The European Space Agency (ESA) wants to see its logo on your next t-shirt, cap or collectible.
The intergovernmental organization, which is comprised of 22 member states, has now made it easier for individuals and companies producing merchandise to gain permission to use the ESA brand. The new process, which is essentially agreeing to some terms and submitting an online form, marks the first time that ESA has allowed branded products to be produced without the manufacturer first needing to enter into a collaborative agreement with the agency.
"This move is another step in trying to raise awareness and general visibility in Europe about ESA and the great space work we do, work for which we all can be proud," Josef Aschbacher, ESA's Director General, wrote in a social media postannouncing the new program on Friday (Jan. 27).
Individuals and small companies that do not need extensive support from ESA for the development or promotion of their products can now visit the agency's new online Brand Center to request use of the ESA logo, astronaut insignia or mission patches. In doing so, they need to agree to abide by some basic design standards.
For example, only certain color backgrounds are allowed to be used with the ESA logo, depending on the hue — black, white or "deep space" — chosen for the logo itself.
Or for those wanting to use ESA's various astronaut or robotic probe mission patches, the designs can only be used as is; they cannot be altered, nor can they be reproduced such that they appear tilted, stretched or edited in any way. Further, the artwork featured on the emblem can only be used in its patch format; it cannot be used as a stand-alone illustration.
From the Brand Center, individuals and companies can find the high-resolution and vector artwork for more than 65 ESA mission patches, as well as the astronaut patch, which features the flags of all the ESA member states, as well as the cooperating and associate member flags.

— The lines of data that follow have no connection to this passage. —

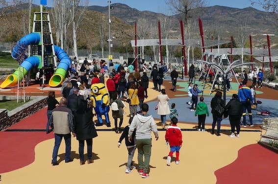 More than 11,000 square meters, 1.2 million of shared investment between the City Council of Macael and the Provincial Council of Almeria, will allow families to enjoy lifelong games that are interspersed with attractions rarely seen. Adventure games such as a thirty-meter double zip line, unique in the province. Children’s area with attractions for small children, musical games, games adapted for people with special needs, an inflatable bed of nine meters by eleven, climbing area, a bio-healthy park, picnic area, bar, soccer field. Age-specific play areas with the planting of more than 100 trees in addition to those already existing in the area, where you can listen to the sound of the different birds that nest on the premises.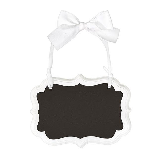 Das kleine Tafelschild "Traumhochzeit" ist ca. 14 x 10 cm groß. Es besteht aus weißem Holz und schwarzem Tafellack und kann daher mit einem Kreidestift beschriftet werden. Außerdem ist an dem Schild eine weiße Schleife aus Satinband befestigt, sodass Sie die Deko ganz einfach an der Wand aufhängen können.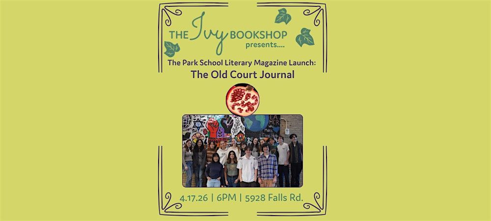 The Park School’s high school literary magazine, The Old Court Journal, is delighted to host its second-ever reading at the Ivy Bookshop! In addition to reading their favorite works by published authors, the magazine’s student staff, and other passionate students and teachers will be reading directly from their original submissions to the magazine. After school or work, stop by the Ivy’s downstairs patio on April 17 at 6 p.m, for an evening of fresh, budding literary creativity. There will be music, refreshments, and light appetizers.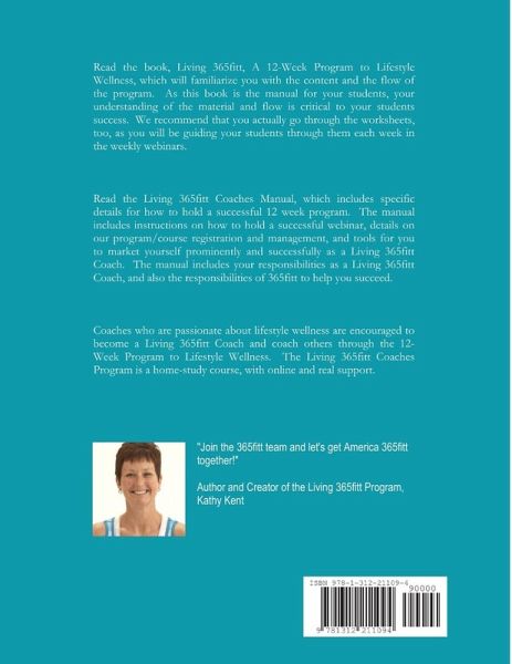 The Living 365fitt Coaches Program and Coaching Manual is for health and fitness professionals and enthusiasts who are passionate about lifestyle wellness. Through a combination of the book, The Living 365fitt, 12-Week Program to Lifestyle Wellness, and the Coaches Manual, individuals are able to inspire others towards better lifestyle habits. The program is an interactive, coached program for individuals who want to increase their wellness through permanent lifestyle change. The program focuses on living a healthier and more active life by changing one's physical, nutritional and emotional habits. The program uses a combination of tools (book, worksheets, webinars, interactive coaching, consultations, and an exclusive membership program) to coach others to success. The program is appropriate for: ¿ Clubs ¿ Communities ¿ Schools ¿ Corporate wellness programming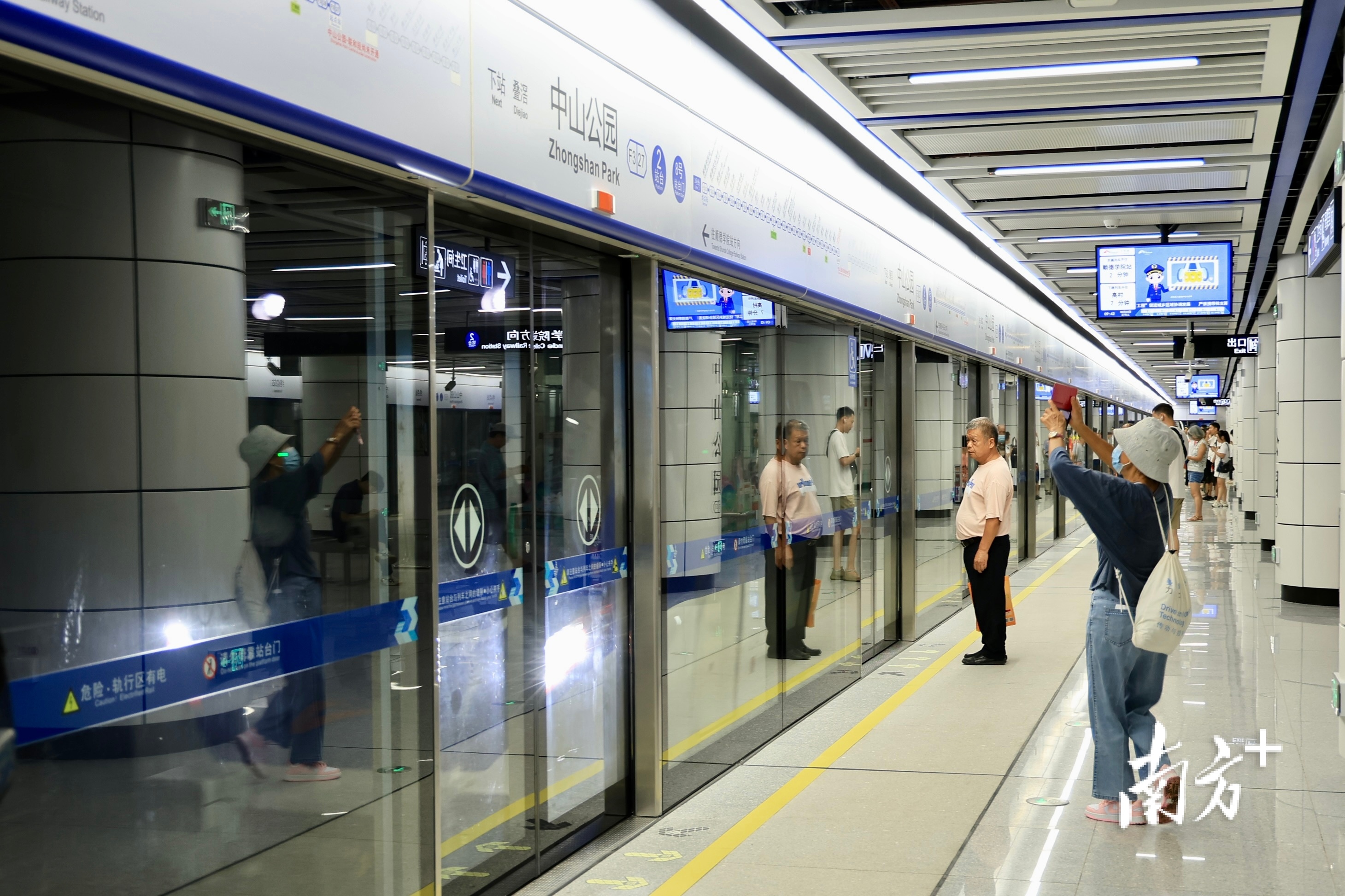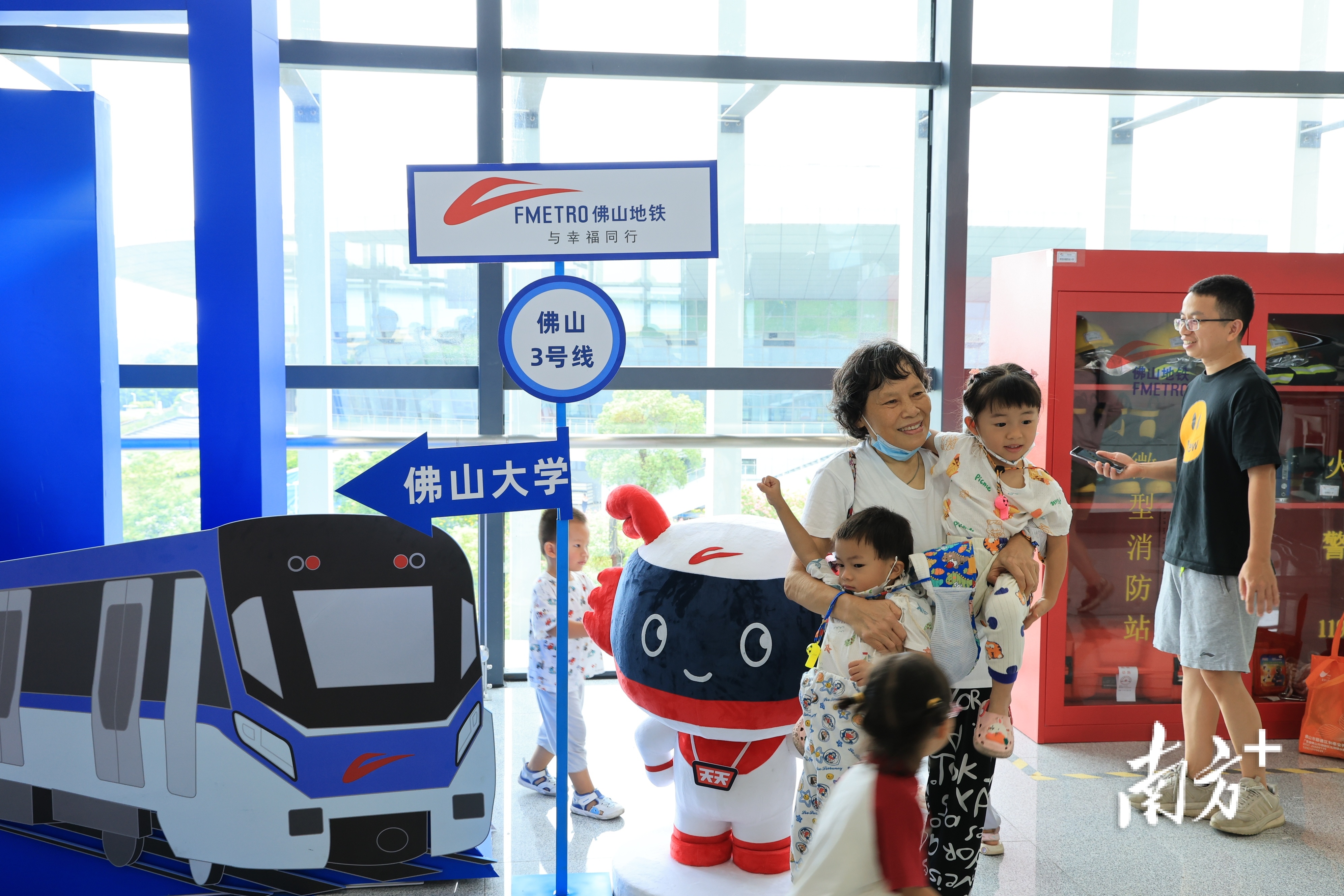 市民在佛山大学站拍照留念。 刘佳伦 摄

Previously, the selection of ESA-branded merchandise has been limited to the apparel and other items offered through the ESA Space Shop, which opened in 2017, or through large corporate partnerships, such as with Mattel, which in 2021 produced a Barbie doll in the likeness of Italian astronaut Samantha Cristoforetti, or Playmobil, which released a "Mars Expedition" playset that same year.
ESA's new approach to merchandising is similar to NASA's, which also requires permission and sets certain color and usage restrictions for the space agency's identifiers and artwork. The U.S. agency's process has led to both mass marketers and luxury brands incorporating the NASA logo into their product lines.
In fact, the U.S. program has been so successful that it is now not uncommon to see people wearing NASA-branded shirts or hats out on the streets, and not just domestically, but around the world.
"My personal hope is that this will lead to seeing more Europeans wearing a t-shirt from their own space agency," wrote Aschbacher of the new ESA effort.